Don’t estimate when it comes to parking brake adjustments

Let’s discuss a couple of different components of parking brakes to find out the best practices for adjusting them.

The parking or emergency brake has two crucial functions. First, it must hold the vehicle on an incline and second, stop it within a specific distance if the hydraulic brakes fail. These standards, established by the Department of Transportation, must be met with minimal force. Let’s discuss a couple of different components of parking brakes to find out the best practices for adjusting them.

You should never guess or estimate when adjusting parking brakes. For example, relying on feel to back off an adjuster for some drum applications can lead to problems and these applications may have clearance specifications because the shoe can swell from moisture or expand at a different rate than the drum, causing brake drag and noise.

If the manual recommends using a brake drum measurement and resetting tool, make sure to use it. If it specifies backing off the adjustment by five teeth, follow that exactly — back it off by five teeth, not four or six.

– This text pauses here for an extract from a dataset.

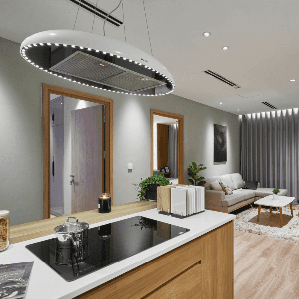 Máy hút mùi Malloca dành cho đảo bếp nhập khẩu Ý, điều khiển remote, công suất 600m³/h. (Giá đã bao gồm VAT)

Some vehicles feature a self-adjusting parking brake that adjusts the cables at the parking brake pedal rather than at the wheels. This self-adjustment manages the length of cable running from the foot pedal under the dash to the equalizer bar, ensuring consistent pedal travel throughout the life of the brake shoes. If any work is done on the parking brake at the wheels, adjustments are necessary.

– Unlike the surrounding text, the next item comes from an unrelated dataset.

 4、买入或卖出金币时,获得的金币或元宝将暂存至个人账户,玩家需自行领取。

For certain full-sized trucks, first, adjust the shoe-to-drum clearance. Then, remove the self-adjuster lockout pin, fully apply and release the parking brake pedal three times, and replace the lockout pin.

Keep in mind: These systems have limited adjustment capabilities. Some slack can be removed from the cable under the vehicle with a turnbuckle, but if the cable is adjusted to its maximum limit, it will need to be replaced.

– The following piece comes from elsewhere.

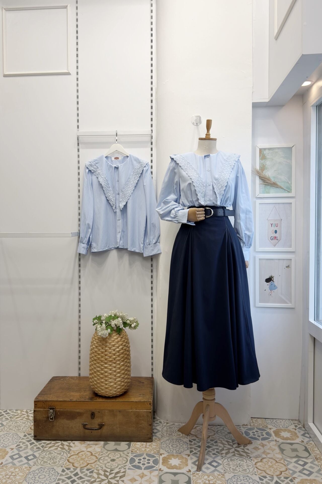 Mavi Fisto Detaylı Şal Yaka Gömlek
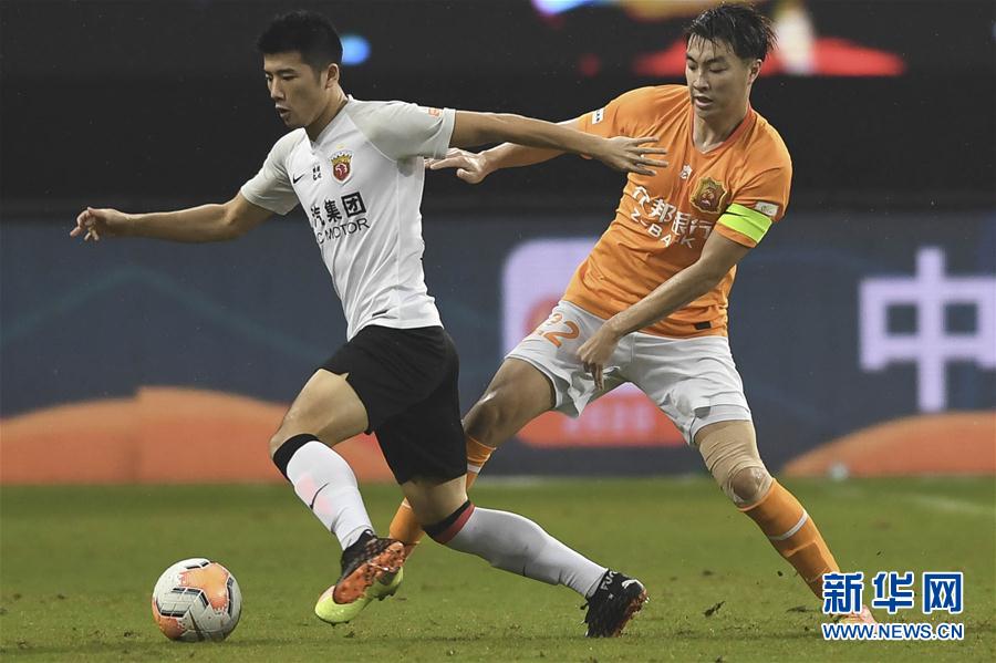 9月15日,武汉卓尔队球员廖均健(右)在比赛中防守上海上港队球员李圣龙。 当日,在2020赛季中国足球协会超级联赛第一阶段(苏州赛区)第11轮比赛中,上海上港队以2比1战胜武汉卓尔队。 新华社记者 季春鹏 摄

In most vehicles, the left and right parking brake cables connect to a lever linkage called an “equalizer” yoke located under the vehicle. This yoke balances the force applied to both cables when the parking brake is engaged. The equalizer linkage is then connected to a single cable that leads to the parking brake lever or pedal. An adjustment screw may be found on the front cable where it connects to the equalizer or where it attaches to the parking brake lever.

The equalizer linkage can rust, hindering proper brake application and release. Additionally, the hinge pivot can break, making the parking brake ineffective. A common sign of a worn hinge pivot is normal lever or pedal travel, but the parking brake will not hold the car on a hill.

All in all, maintaining and properly adjusting the parking or emergency brake is essential for vehicle safety. These brakes have to reliably hold a vehicle on an incline and serve as a crucial backup if the hydraulic brakes fail. Following the specific adjustment procedures outlined in the vehicle’s manual is vital to avoid issues like brake drag and noise.